Would you output the entries below only from the line containing "Điểm nhấn là" through the line containing "Published/Created: Bayrūt : Bayt", exactly as they stand and with both ends included?
(Beginning of RECORDS PROVIDED)
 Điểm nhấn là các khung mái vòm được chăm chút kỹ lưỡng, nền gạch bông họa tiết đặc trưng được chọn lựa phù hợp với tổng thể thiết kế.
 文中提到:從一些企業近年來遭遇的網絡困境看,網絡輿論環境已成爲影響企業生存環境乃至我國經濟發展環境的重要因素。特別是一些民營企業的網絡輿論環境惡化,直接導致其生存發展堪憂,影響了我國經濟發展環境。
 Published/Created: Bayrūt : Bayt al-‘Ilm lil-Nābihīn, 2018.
(End of RECORDS PROVIDED)
(Beginning of RECORDS PROVIDED)
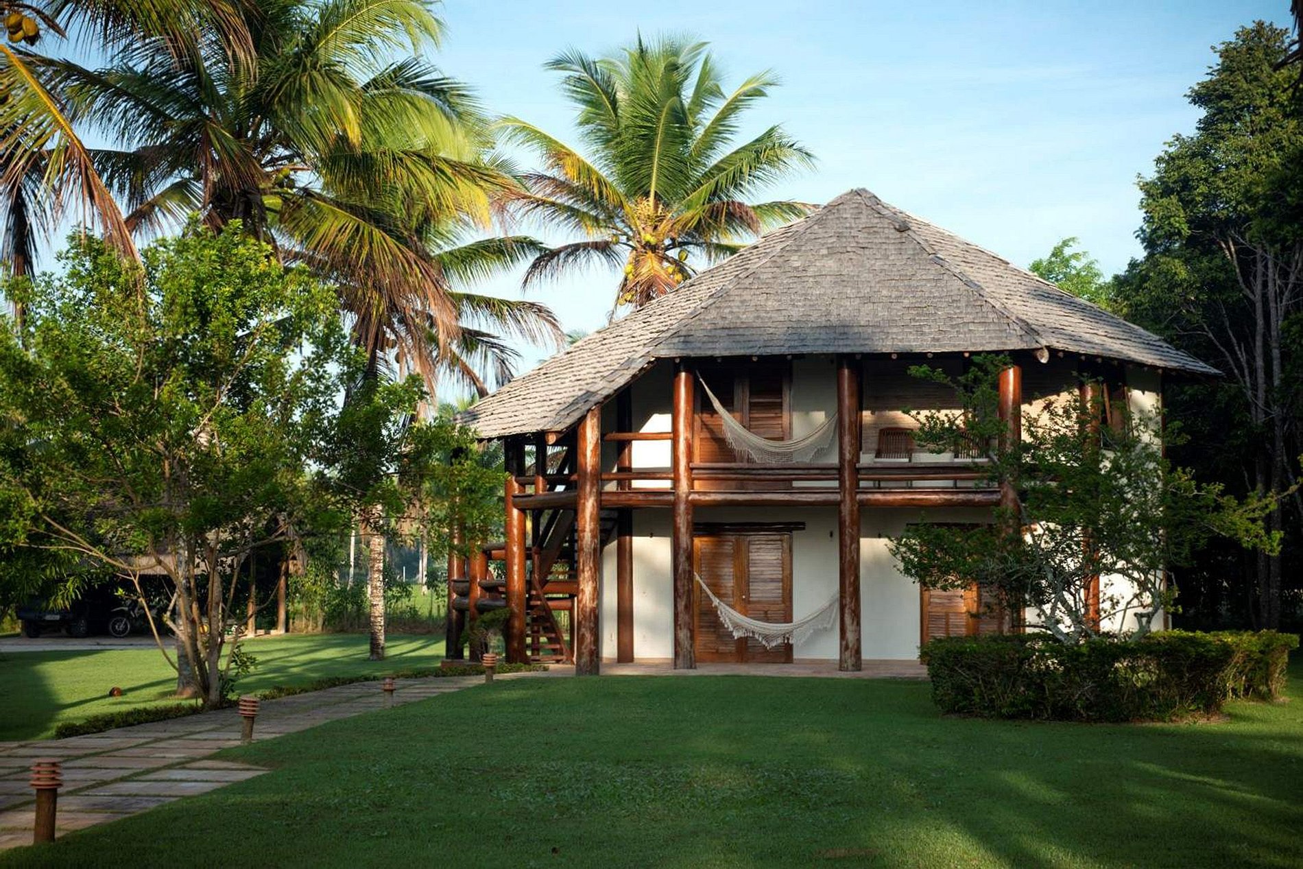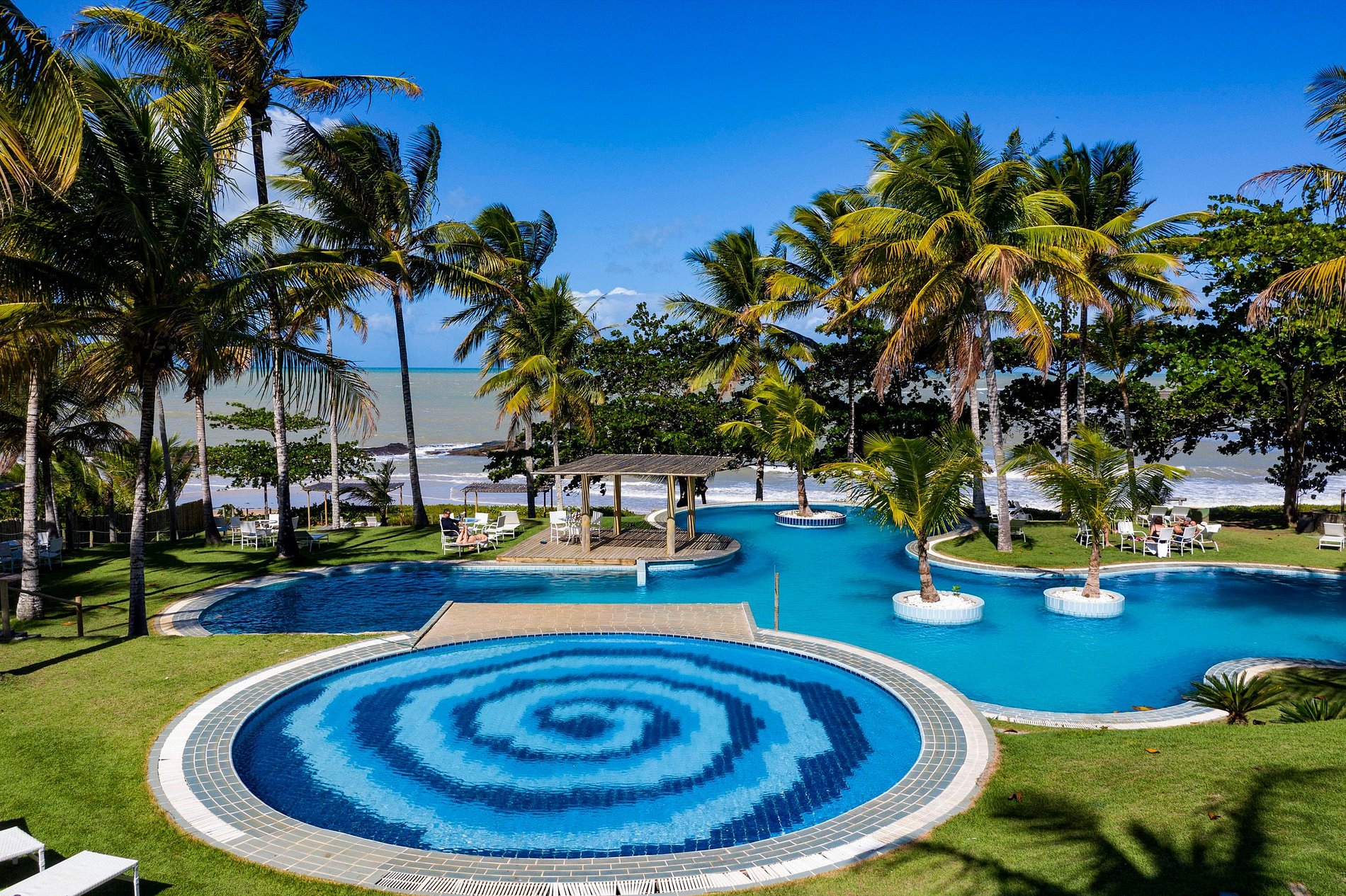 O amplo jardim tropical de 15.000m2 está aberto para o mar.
(End of RECORDS PROVIDED)
* [EXERCISE OUTPUT]
 Điểm nhấn là các khung mái vòm được chăm chút kỹ lưỡng, nền gạch bông họa tiết đặc trưng được chọn lựa phù hợp với tổng thể thiết kế.
 文中提到:從一些企業近年來遭遇的網絡困境看,網絡輿論環境已成爲影響企業生存環境乃至我國經濟發展環境的重要因素。特別是一些民營企業的網絡輿論環境惡化,直接導致其生存發展堪憂,影響了我國經濟發展環境。
 Published/Created: Bayrūt : Bayt al-‘Ilm lil-Nābihīn, 2018.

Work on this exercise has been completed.